Bug 60158

Summary: AIOOBE in VBAMacroReader
Product: POI Reporter: Tim Allison <tallison>
Component: POI OverallAssignee: POI Developers List <dev>
Severity: normal    
Priority: P2    
Version: 3.15-dev   
Target Milestone: ---   
Hardware: PC   
OS: All   
Attachments: triggering file

Description Tim Allison 2016-09-20 19:56:54 UTC
Created attachment 34282 [details]
triggering file

While working TIKA-2069, I got an AIOOBE on a test file that I generated by taking the docm that Jeff Swindle submitted and saving as .doc.

I confirmed this AIOOBE in pure POI:

Exception in thread "main" java.lang.ArrayIndexOutOfBoundsException: -1
	at java.io.ByteArrayInputStream.read(ByteArrayInputStream.java:144)
	at org.apache.poi.util.RLEDecompressingInputStream.<init>(RLEDecompressingInputStream.java:77)
	at org.apache.poi.poifs.macros.VBAMacroReader.readModule(VBAMacroReader.java:204)
	at org.apache.poi.poifs.macros.VBAMacroReader.readMacros(VBAMacroReader.java:308)
	at org.apache.poi.poifs.macros.VBAMacroReader.findMacros(VBAMacroReader.java:155)
	at org.apache.poi.poifs.macros.VBAMacroReader.findMacros(VBAMacroReader.java:160)
	at org.apache.poi.poifs.macros.VBAMacroReader.findMacros(VBAMacroReader.java:160)
	at org.apache.poi.poifs.macros.VBAMacroReader.readMacros(VBAMacroReader.java:116)
	at org.apache.poi.poifs.macros.VBAMacroExtractor.extract(VBAMacroExtractor.java:83)
	at org.apache.poi.poifs.macros.VBAMacroExtractor.extract(VBAMacroExtractor.java:123)
	at org.apache.poi.poifs.macros.VBAMacroExtractor.main(VBAMacroExtractor.java:54)
Comment 1 Tim Allison 2016-09-20 19:58:27 UTC
Same exception with the original .docm file that Jeff submitted on TIKA-2069
Comment 2 Javen O'Neal 2016-09-21 01:19:20 UTC
I added a failing unit test to POI in r1761652 using test-macro-doc.docm from TIKA-2069 [1] submitted by Jeff Swindle

[1] https://issues.apache.org/jira/browse/TIKA-2069
Comment 3 Tim Allison 2016-10-17 19:49:19 UTC
Slightly less than 50% of the macro exceptions are caused by this. See xlsx reports on https://issues.apache.org/jira/browse/TIKA-2104.
Comment 4 Tim Allison 2016-10-18 12:26:17 UTC
I think this is a problem in RLEDecompressingInputStream.

In readChunk(), under 

if ((tokenFlags & POWER2[n]) == 0) {

if the int that is read is 'ff', when that gets cast to a byte, its value becomes -1.

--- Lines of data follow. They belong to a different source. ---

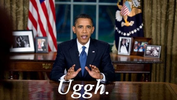 The reviews are in for the president's big Oval Office speech last night, and the consensus is "Meh, this is stupid, why did I watch this stupid thing, this is stupid." If the pundit class is bored of his speeches, can Obama really continue to be president? Probably not.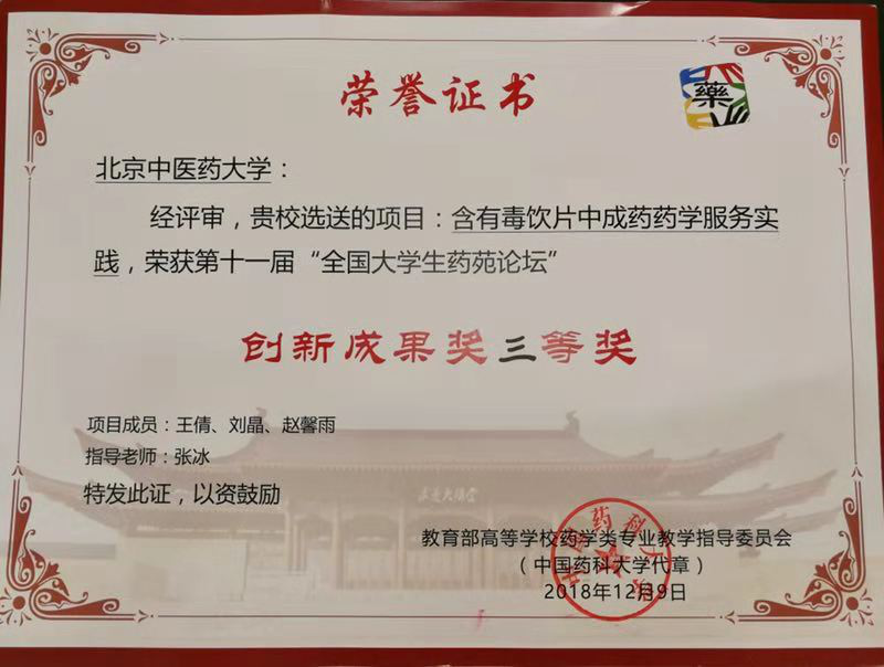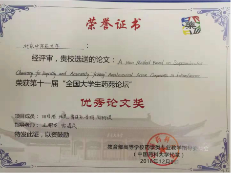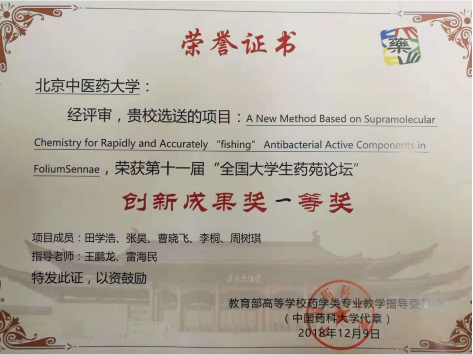 本次比赛分药剂学、中药学、生化药学、药物分析、药理学、药物化学、制药工程七个领域,分壁报交流、论文评选、现场答辩三个比赛环节,最终经过激烈角逐,我校ylzzcom永利总站中药学专业(卓越中药班)和药学班本科生田学浩、张昊、曹晓飞等(参赛作品“A New Method Based on Supramolecular Chemistry for Rapidly and Accurately ‘fishing’ Antibacterial Active Components in Folium Sennae ”获创新成果一等奖及优秀论文奖指导老师:雷海民,王鹏龙),本项目前期获得了2018年大学生创新创业训练项目资助(No.201810026055),这也是该课题组近三年连续指导本科生参加全国大学生药苑论坛并第二次获得创新成果一等奖;此外,中药学专业(卓越中药班)王倩等同学的参赛作品“含有毒饮片中成药药学服务实践”获创新成果三等奖(指导老师:张冰教授)。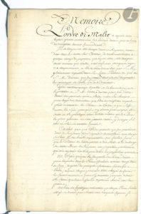 dans ce Royaume, comme dans tous les autres états chrétiens, de toute contribution à quelque charge ou imposition que ce pût être ; cette exemption aussi ancienne que l’ordre, a été confirmée, de règne en règne »… Le mémoire rappelle les lettres patentes de 1716 et réclame pour l’ordre une exemption générale de toute imposition, pour lui permettre des continuer ses missions : « il s’est chargé de la deffense de Malte qui est devenue dans ses mains l’azile du commerce pour la Méditerannée, le Boulevart de la Chretienté et la borne de l’Empire et de la secte de Mahomet […] Ainsi l’objet le plus cher à l’Ordre dans les prises qu’il fait sur les Turcs, est-il de délivrer les chrétiens qui se trouvent dans les fers, et de les sauver d’un esclavage dans lequel ils auroient vraysemblablement péri, et peut-être leur religion auroit succombé »...
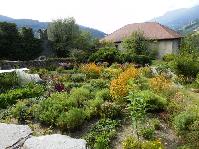 jetzt durch Apfelplantagen abwärts darauf zugehen. Von dieser nördlichen Seite wirkt es wie eine Festung am Rande eines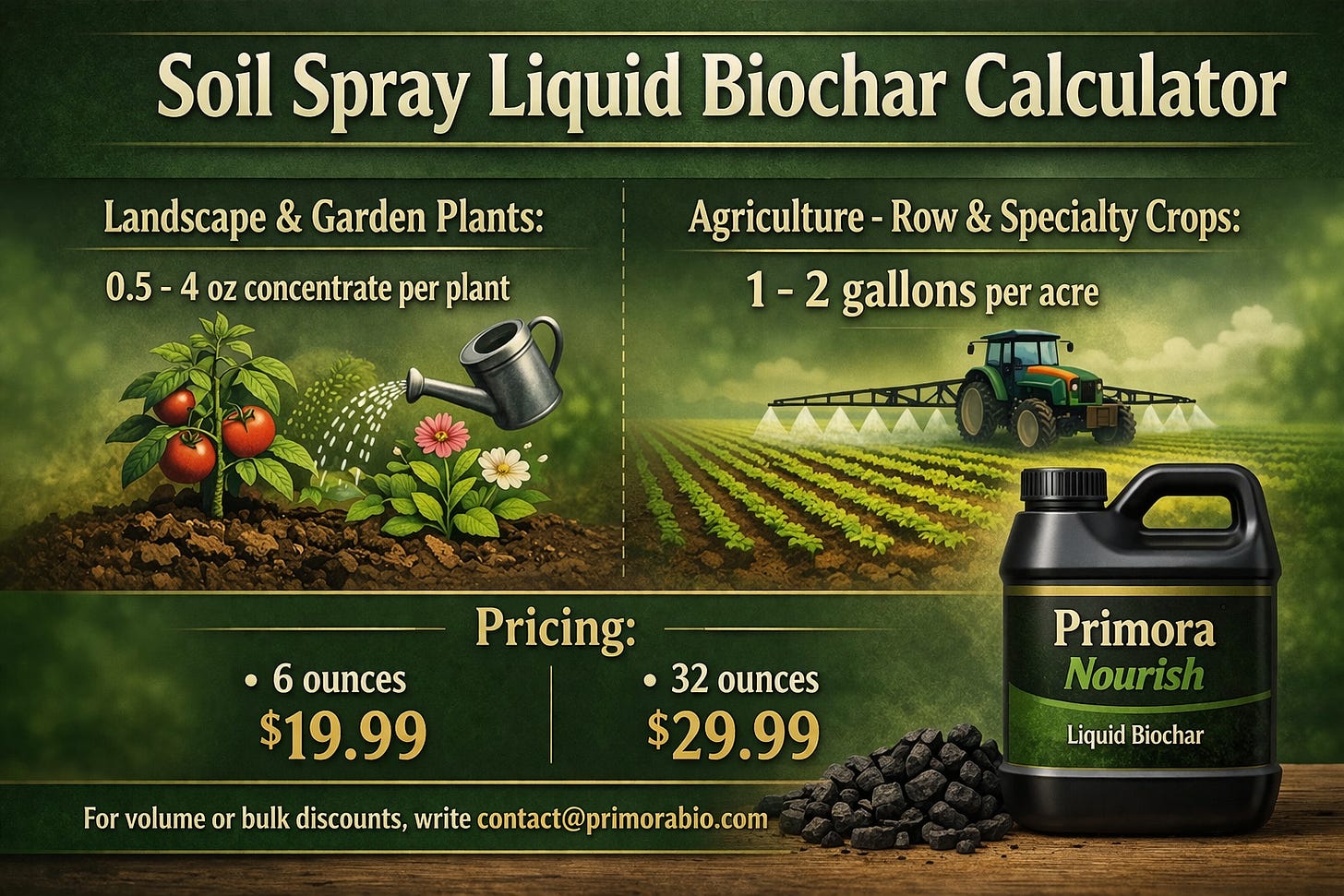3) Liquid Biochar (Primora Char or equivalent, e.g. American Biochar)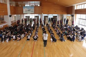 昨日、1・5年生が昼休みに姿勢教室を実施しました。講師の小見先生の合図に注意しながら、走ったり・止まったりしながらゴールを目指しました。最後はチームで協力して、だるまさんが転んだをしました。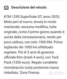 Vendo Ktm SuperDuke GT 1290. Anno 2025, solo 1900 km, con Teck Pack, NUOVISSIMA. In garanzia.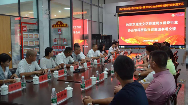 8月13日下午,由漳州市龍文區(qū)住建局副局長張小林、龍文區(qū)建設(shè)行業(yè)協(xié)會會長曾阿香帶領(lǐng)龍文區(qū)建協(xié)領(lǐng)導(dǎo)及協(xié)會單位代表蒞臨興巖集團(tuán)參觀交流。公司總經(jīng)理葉永斌、總工程師鄭東明、副總經(jīng)理張麗嬪等領(lǐng)導(dǎo)予以熱情接待。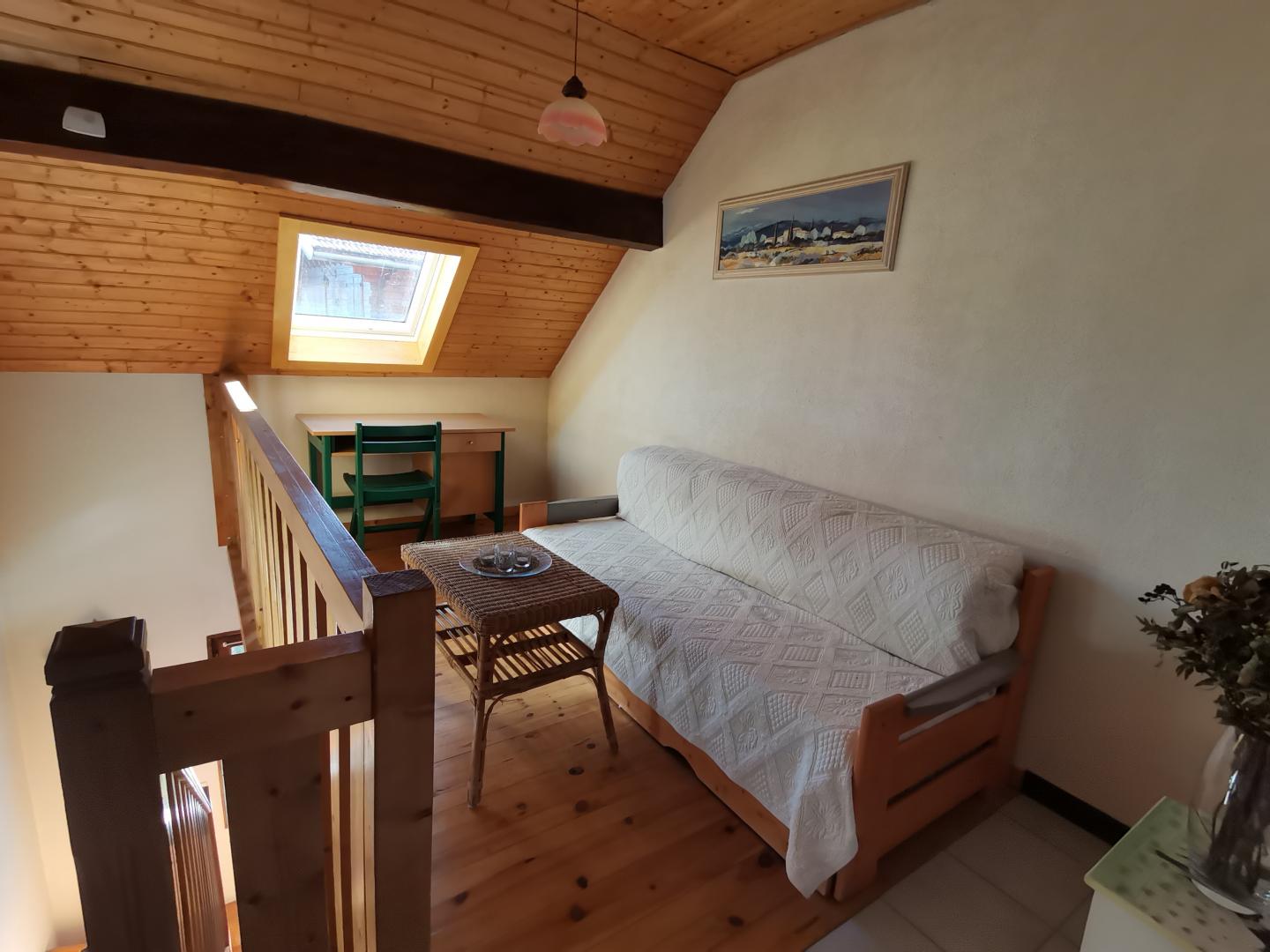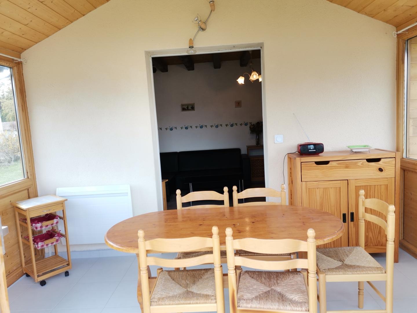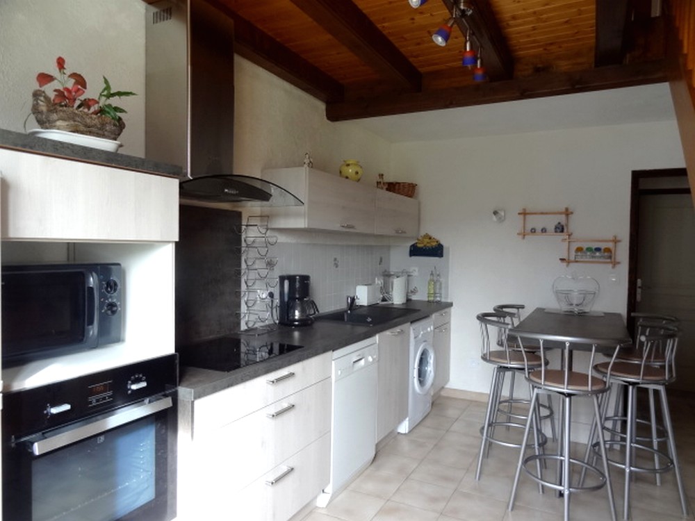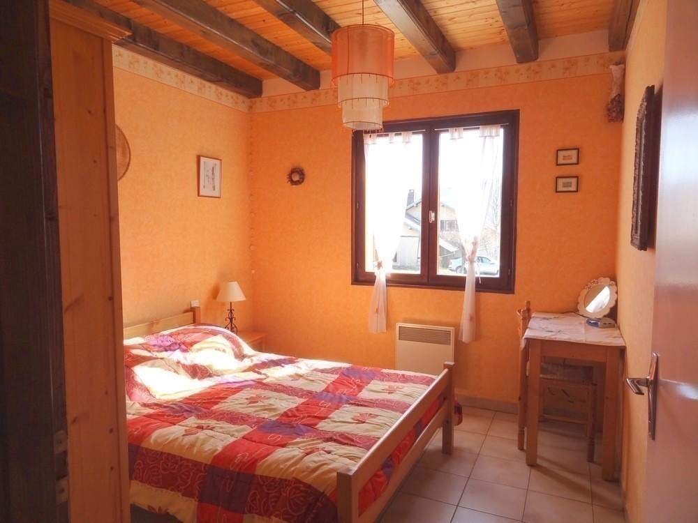 Maison indépendante située au coeur de la région des lacs et cascades, au pied et avec vue sur le lac d'Ilay. Intérieur bois avec véranda fermée avec coin cuisine, salon de jardin, barbecue. Garage pour rangement vélos et matériel divers (skis...),parking privatif. Grand jardin attenant avec aire de jeux. Au rez de chaussée: cuisine équipée ouverte sur salon-séjour, fourneau à vitre apparente, ch1: 1lit 2pl, salle de bain, WC indépendant. A l'étage: mezzanine avec coin salon, canapé convertible 1pers, ch2: 1lit 2pl, ch3: 1lit 1pl, WC indépendant, salle d'eau en option avec supplément de 30€/semaine. Chauffage bois et électrique (forfait bois variant de 25 à 45€ selon saison). Un seul chien accepté (pas de chat) avec une caution de 450 €
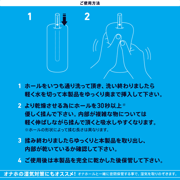オナホを洗った後に挿しこんで揉むだけで速乾燥。『G PROJECT HOLE QUICK DRY 珪藻土STICK』は、挿し込んだ瞬間から棒状の珪藻土が水をしっかり吸収して乾燥させる!今まで奥の乾燥が難しかった大型ホールにも対応していて、オナホと一緒に密封保管する事で、湿気を取り除いてくれたりといった効果も期待できます。驚きの吸水力と速乾力に優れた本製品を是非お試しください!
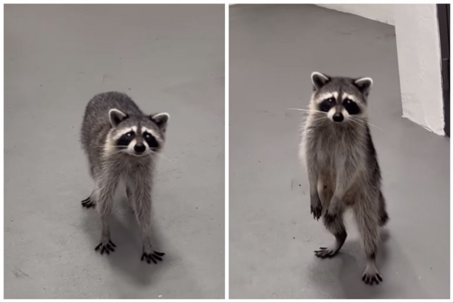 Na snimku se vidi rakun koji je samouvereno razbucao kesu i pokupio hranu. U jednom trenutku se podigao na zadnje noge bez ikakvog straha što je uhvaćen na delu u krađi hrane. Nešto dalje na stepenicima vidi se drugi rakun, koji se sramežljivo krije kako bi prvim znacima upozorenja pobegao.

When we try to readInt() to get the module offset, the first byte returns '-1' and we think we've hit the end of the stream and return -1.
Comment 5 Tim Allison 2016-10-18 12:58:27 UTC

I modified RLEDecompressingInputStream's read() from

        return buf[pos++];

        return buf[pos++] & 0xFF;

Let me know if we need to modify anything else in RLEDecompressingInputStream...or if there's a better place to fix this.